Afghan regular units...were ill-trained, ill-paid, and probably under strength. The cavalry was little better than indifferent infantry mounted on equally indifferent ponies. Rifles varied between modern German, Turkish and British types, to obsolete Martinis and Snyders. Few infantry units had bayonets. Artillery was ponydrawn, or pack, and included modern 10 cm Krupp howitzers, 75 mm Krupp mountain guns and ancient 7 pounder weapons. There were a few, very old, four-barrel Gardiner machine guns. Ammunition was in short supply and distribution must have been very difficult. For the artillery much black powder was used, both as a propellent and bursting charge for shells. The Kabul arsenal workshops were elementary and mainly staffed by Sikh artificers with much ingenuity but little real skill. There was no organised transport and arrangements for supply were rudimentary.

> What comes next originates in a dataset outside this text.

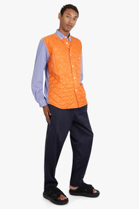Stripes are never out of style, especially when they're from Junya Watanabe MAN. Formed in 1992 under the umbrella of Comme des Garcons, this fashion line has always been a trendsetter. This over shirt, with its playful white, blue, and orange broad stripes, is no exception. Crafted from quilted fabric, it's as comfortable as it is stylish. Fabrication: Cotton 100%, Nylon 100% Size and Fit Alex: Model is 183cm/6’00” and is wearing a size S Model Measurements: Bust: 81cm, Waist: 75cm, Hips 81cm Fits true to size Measurements Size S: Bust 112cm, Waist 112cm, Hips 112cm, Length 77cm Size M: Bust 116cm, Waist 116cm, Hips 116cm, Length 77cm Size L: Bust 122cm, Waist 122cm, Hips 122cm, Length 77cm Size XL: Bust 126cm, Waist 126cm, Hips 126cm, Length 77cm
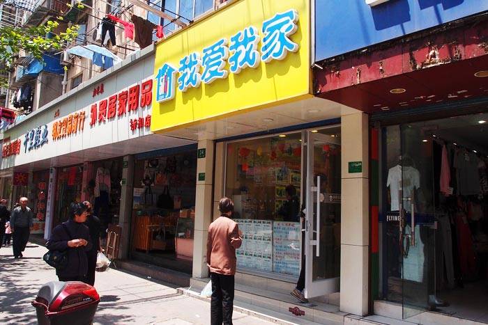上海市虹口区周辺は、銀行やスーパー等の生活施設が一通り揃っており、地下鉄の駅や路線バスの停留場も近く、学生客が多く見込めるエリア。そのため各社こぞって出店するのですが、今回の訪問でも、経営不振から店じまいをしている不動産業者を見かけました。

In support of the regulars, the Afghan command expected to call out the tribes, which could gather up to 20,000 or 30,000 Afridi fighters in the Khyber region alone. In stark contrast to the regulars, the tribal lashkars were probably the best troops that the Afghans had, being of excellent fighting quality, well armed, mainly with weapons that they had made themselves or stolen from the garrisons and with plenty of ammunition.

In meeting this threat, the British could call on a much larger force. In May 1919, the British and British Indian Army, not including frontier militia, totalled eight divisions, as well as five independent brigades of infantry and three of cavalry. However, of this force, the entire North-West Frontier Province had three infantry divisions and two cavalry brigades, although there was also GHQ India's central reserve of one infantry division and one cavalry brigade. From this, they formed a striking force of two infantry divisions and two cavalry brigades for offensive operations on the Kyber front with the possibility of using it also in the Tochi and Kurram areas. One infantry division and a so-called "mounted" brigade were also detailed for operations on the Baluchistan–Zhob front. There were also three frontier brigades as well as a number of frontier militia and irregular corps.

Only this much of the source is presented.